# NOT your typical SiS install :) - SQL Audi S5 - New Focal Kevlar, Arc, Mosconi



## simplicityinsound (Feb 2, 2007)

Back from china and taking a break from working on cars to work off my jet lag. perfect time to throw up this build log.

As anyone who have followed us knows, we tend to do stealthy space saving SQ builds...but once in a while, we get a request for something a bit more...naughty?  

Now we have done big bass type of builds before but this one truly stands out because through it all, sound quality was still a bit factor, and secondly, the vehicle we were provided with for the job - a 2013 Audi S5 - is not what usually comes in mind as an ideal platform for such a project.

Aside from the excitement of building such a system in a compact german coupe, there was also the anticipation of trying out the brand new Focal Kevlar line of speakers and subwoofers.

As many of you may know, my preference for very smooth, laid back midrange and highs have precluded me from using many focal speakers in the past. The K2P line was perhaps the most stand out example. The speakers are very robust and can produce an exceedingly high level of output with great clarity and detail, but it was simply a bit too bright for my personal preference. Hence, you very rarely saw a SiS build with them in the past.

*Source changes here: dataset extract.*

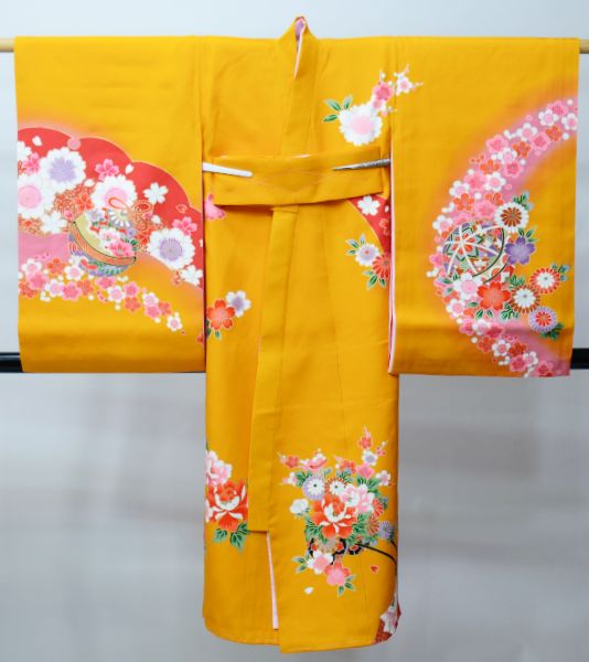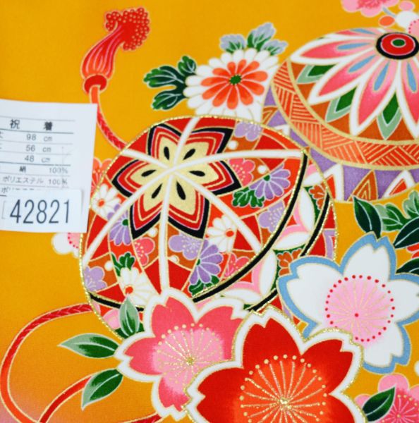 お宮参り 産着 のしめ 女児 女の子 正絹 羽二重 山吹色 金刺繍 鞠 桜 梅 祝着 一つ身 掛け着 熨斗目 NO42821-1
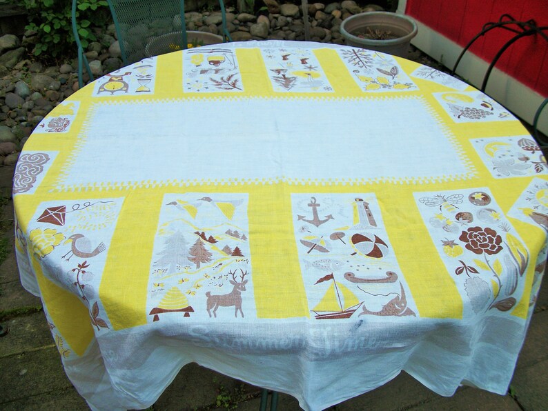 Vintage Kitchen Tablecloth Cloth Simtex Rustic Cabin Camp Lodge

However, with the release of the Focal FLAX speakers over a year ago, my opinion of the "focal sound" began to change drastically. that set really impressed me with its smooth, natural and airy sound, and from the first time i heard it, i was quietly anticipating the release of the higher end focals endowed with the same sonic characteristics.

With the release of the new Kevlar ES line, I finally got my wish. In additional, i got an ever further surprise with the release of the brand new Kelar series of subwoofers. These on paper looks nothing like the old generation of KX subs. Gone are the spectacular array of red magnets (a moment of silence please), but the new driver simply looks far more beefy and capable from an output standpoint. 

Either way, it was with great excitement as we pulled the S5 into the shop and started going to work. Joey did virtually all the fabrication work in the trunk, while i concentrated on the interior elements and wiring. Jesse pitched in at the end to help install it all into the vehicle.


The goals:

1. obtain a nice level of sound quality utlizing the new Focal Kevlar line of speakers and subwoofers

2. while maintaining SQ, have the ability to get very loud interms of subbass output

3. virtually the entire trunk is available for the build with no need for storage space, but it should incorporate some unique aesthetic factors and not just a plain squared off panel; in other words, make it look cool. 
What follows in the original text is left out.